Using three components of the measured electric and magnetic field fluctuations we can examine the polarization properties of the observed electromagnetic waves. Figure 6 shows an example of received waveforms as a function of time relative to the arrival time of the ground wave signal. The time interval corresponds to a tweek atmospheric marked by a white dashed rectangle on the power spectrogram in Fig. 1d.

Figure 6

Typical waveforms of a daytime tweek atmospheric. The measurements have been collected on 9 January 2015 after 11:31:41.6 UTC. The southward and eastward magnetic field components, and the vertical electric component are represented by the red, blue, and black lines, respectively. Narrowband spectral lines caused by manmade interferences from VLF transmitters have been removed and the data were smoothed by a moving average filter to reduce the background noise. (a) Broadband linearly polarized atmospheric. (b) Immediately following quasi-sinusoidal circularly polarized signal of a tweek. Both figures are plotted versus the relative time τ (defined in Methods, below equation 2).

Figure 6a shows an initial intense negative peak of the measured vertical electric field, corresponding to a ground wave of a negative lightning discharge. At the same time, the horizontal eastward magnetic component shows an initial positive peak, and the southward magnetic component shows a smaller positive peak. The Poynting vector therefore must point to the south-southwest direction, in agreement with the estimated source position highlighted for this particular case in Fig. 3. For the ground wave and also for the following intense sky waves (ionospheric reflections) shown in Fig. 6a, the peaks of electric and both magnetic field components coincide. This confirms the expected linear polarization of the initial intense atmospheric.

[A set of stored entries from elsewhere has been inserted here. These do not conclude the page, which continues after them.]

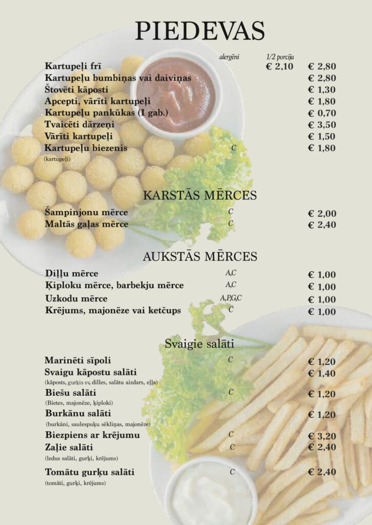 Piedāvājumā esošo piedevu klāsts
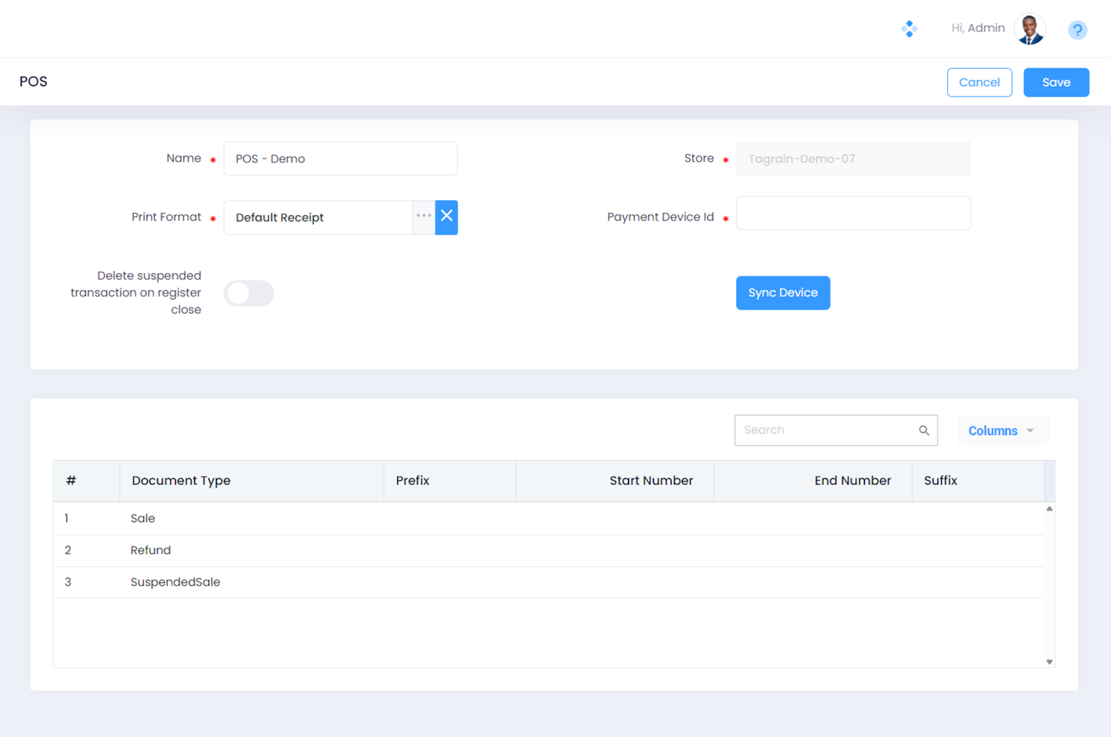 Step 3. Click on the Edit button on the POS List View Screen to open the settings page for the corresponding POS. You should see the Payment Device ID field.
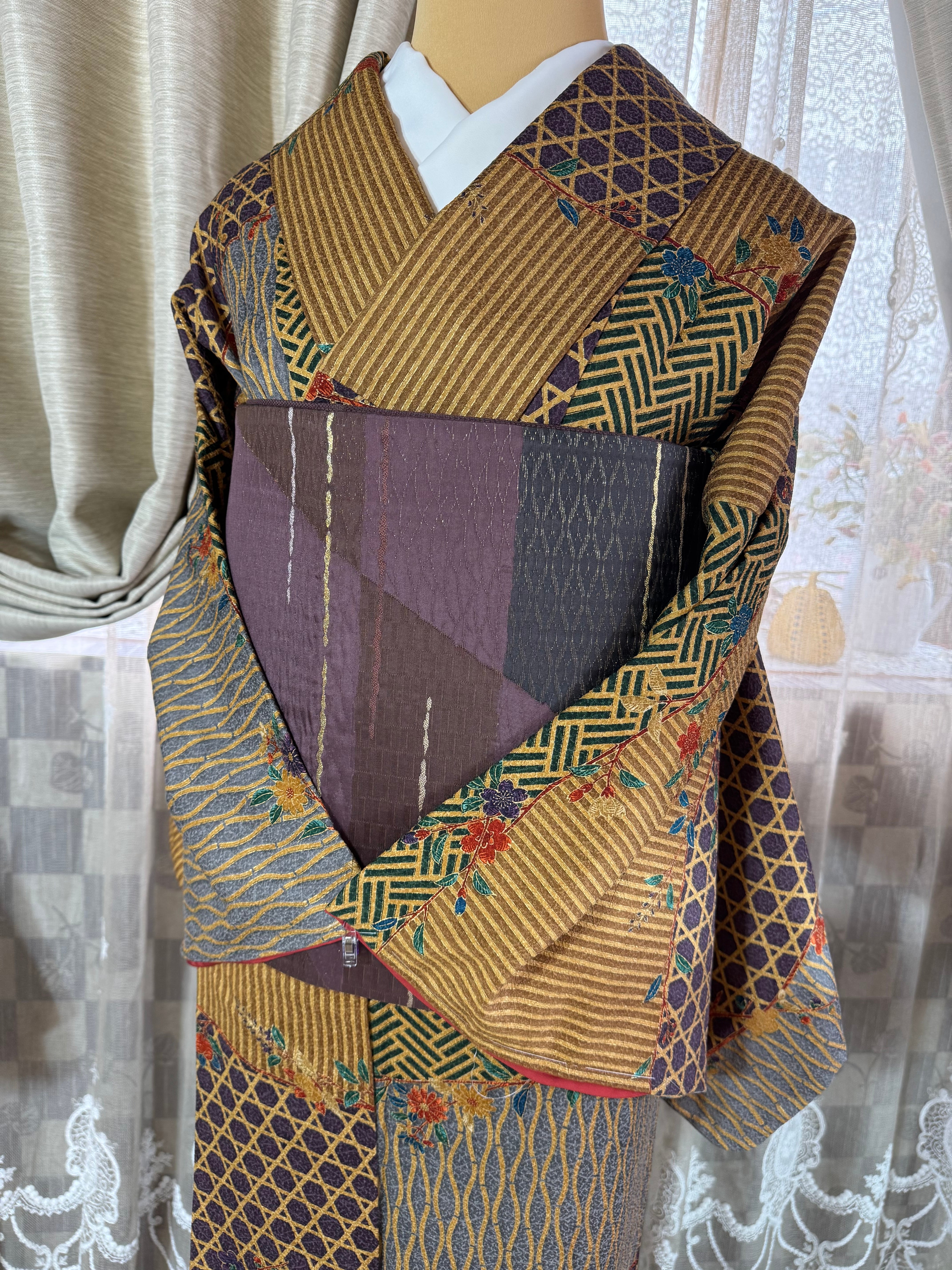 パッチワークのように組み合わせた寄せ小紋に
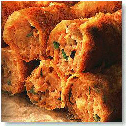 用一种唐山称为咯喳的东西,绿豆制品,薄薄的一张皮,裹住肉馅类内涵,用淀粉封口,然后入锅炸,由于皮特别,炸制成品味道也不错,酥酥的,脆脆的,又有淡淡的豆味,我小时侯很喜欢吃,现在由于咯喳没有那么好了,所以味道也不如以前了。
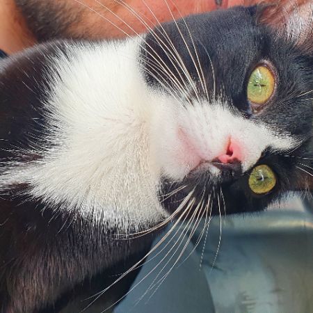 He is slim male, microchiped and neutered, and one of si front leg is shaved due to recent anaesthesia. His nose is half white half black and paws white.
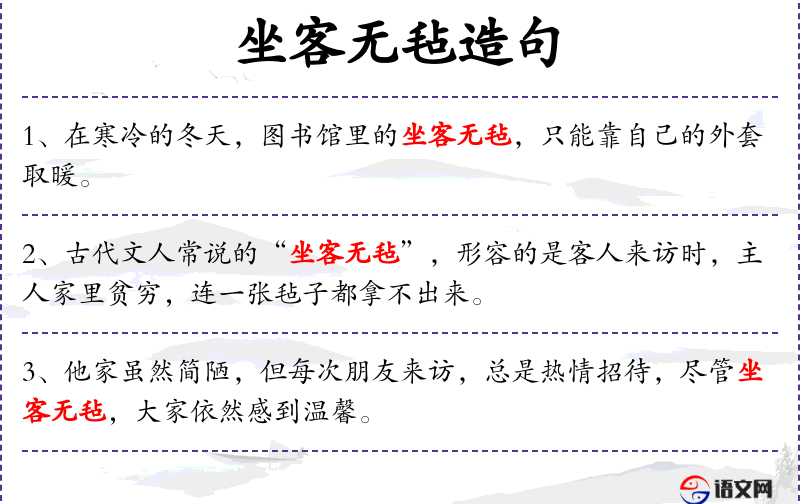 - “坐客无毡”反映了传统**社会中待客之道的重要性,即使在物质匮乏的情况下,也要尽可能地招待客人。
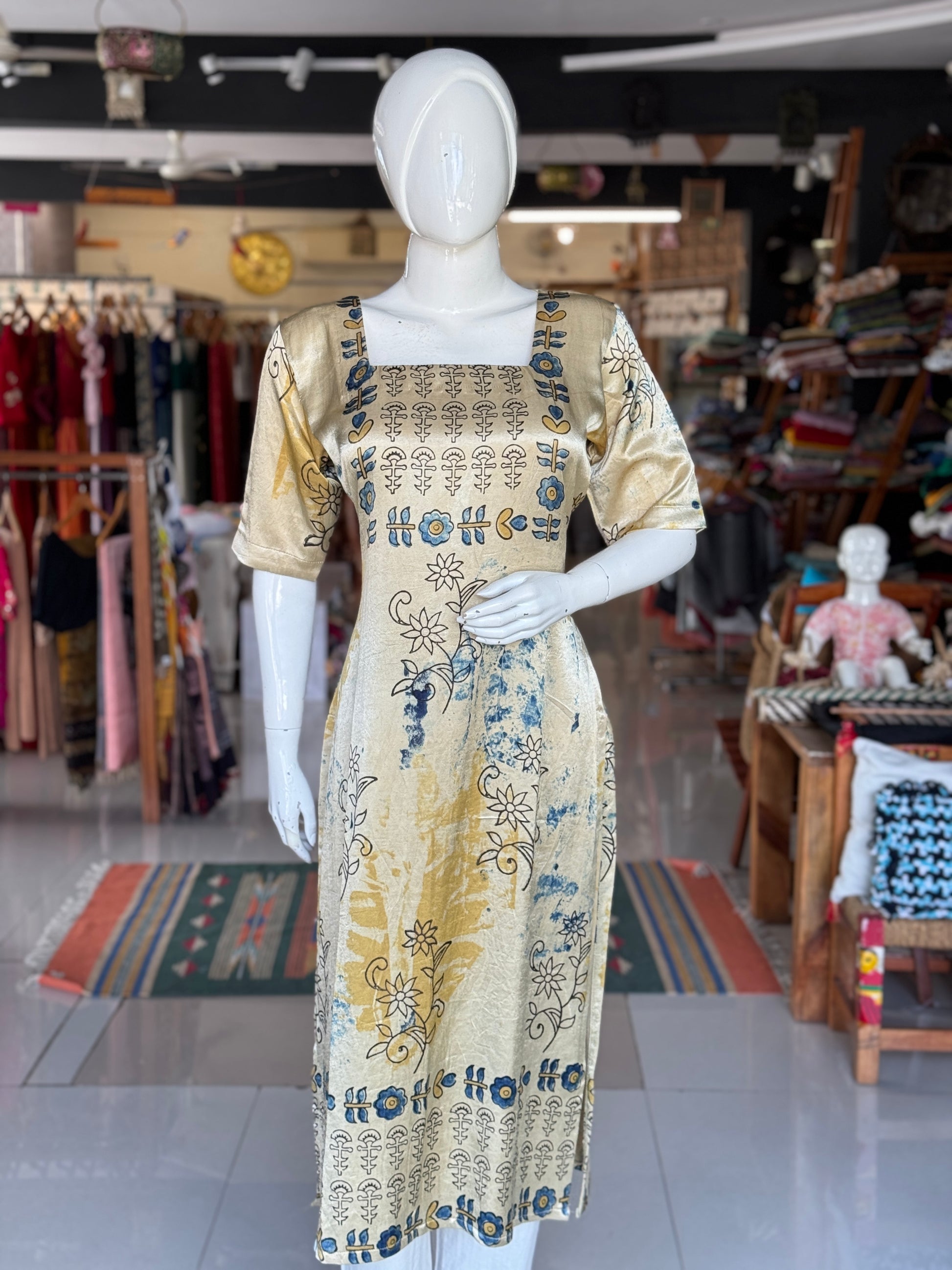 Mashru straight cuts kurti with Ajrakh hand block prints - click to see options
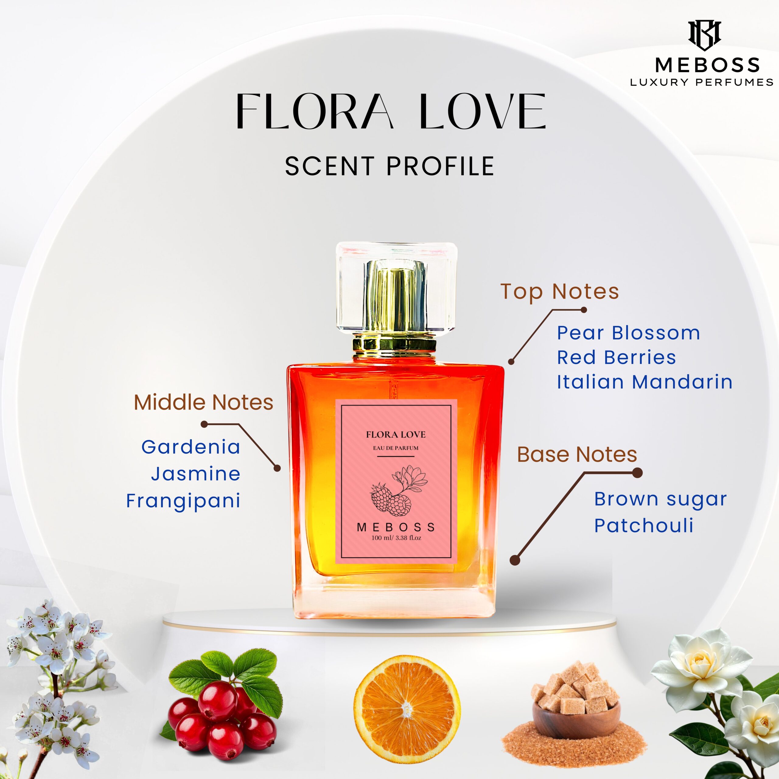 Flora Love Eau de Parfum is a joyful, floral fragrance designed for the modern woman. This scent combines the elegance of white gardenia with the sweetness of pear blossom and brown sugar, creating a delightful aroma that’s both sophisticated and playful. With top notes of pear blossom, Italian mandarin, and red berries, middle notes of white gardenia, jasmine absolute, and frangipani flower, and base notes of patchouli and brown sugar accord, this fragrance is perfect for women who exude confidence and positivity.
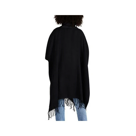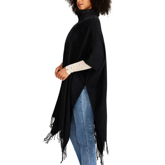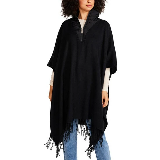 This Steve Madden topper has cute fringe detail with a warm and cozy puffer-style neckline and collar for a perfect weekend cover up.
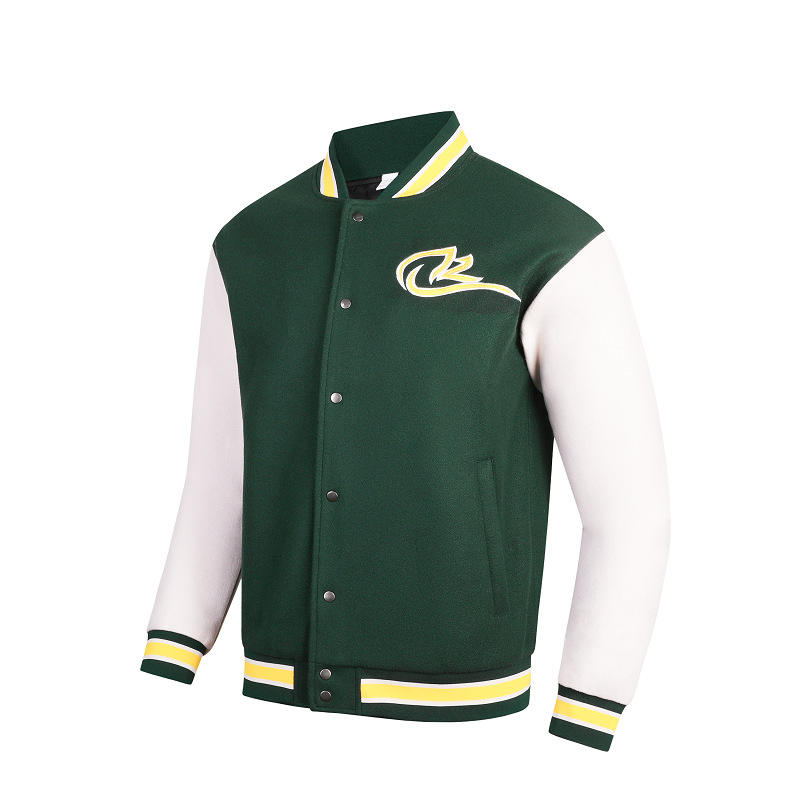 Fabricante de logotipo personalizado de los hombres de invierno al aire libre chaqueta de gran tamaño Varsity estilo de béisbol con bordado de cuero de manga fanáticos de los deportes

At a relative time of 0.8–1 ms this picture starts to change in Fig. 6a: a much weaker quasi-sinusoidal tail of a tweek signature is formed close to the critical frequency of the first-order mode. This signature continues to be clearly visible in the two magnetic components in Fig. 6b. However, their waveforms are by 90° out of phase, with the southward component preceding the eastward one. This corresponds to a circular polarization with the same sense of rotation of the magnetic field vector as for the cyclotron motion of positive particles in the Earth’s magnetic field. This is conventionally labelled as the left-handed (L) polarization.

Very similar polarization pattern of linearly polarized initial ground wave and subsequent sky waves, followed by long quasi-sinusoidal tweek tails of left-hand circularly polarized waves are found for all the analyzed cases of daytime tweek atmospherics.

Discussion

We have found that a thunderstorm occurring at higher latitudes of northern and north-western Europe during winter months was a source of tweeks, which were unexpectedly observed during the day. To our knowledge this is the first report showing propagation and polarization properties of daytime tweek atmospherics. It will be of great interest to follow this subject in the future as this unusual phenomenon is directly linked to a particular state of the ionosphere.

The obtained propagation distances of these daytime tweeks are 2–3 times shorter than tweek propagation paths which are typically observed during the night¹² but their reflection heights are on average by ~5–10 km higher than heights typically obtained for standard daytime ionospheric conditions. Nevertheless they are still by ~10 km lower than typical reflection heights for the nighttime ionosphere¹² and they are also by ~10–20 km lower than heights reported for Japanese winterstorms¹⁵.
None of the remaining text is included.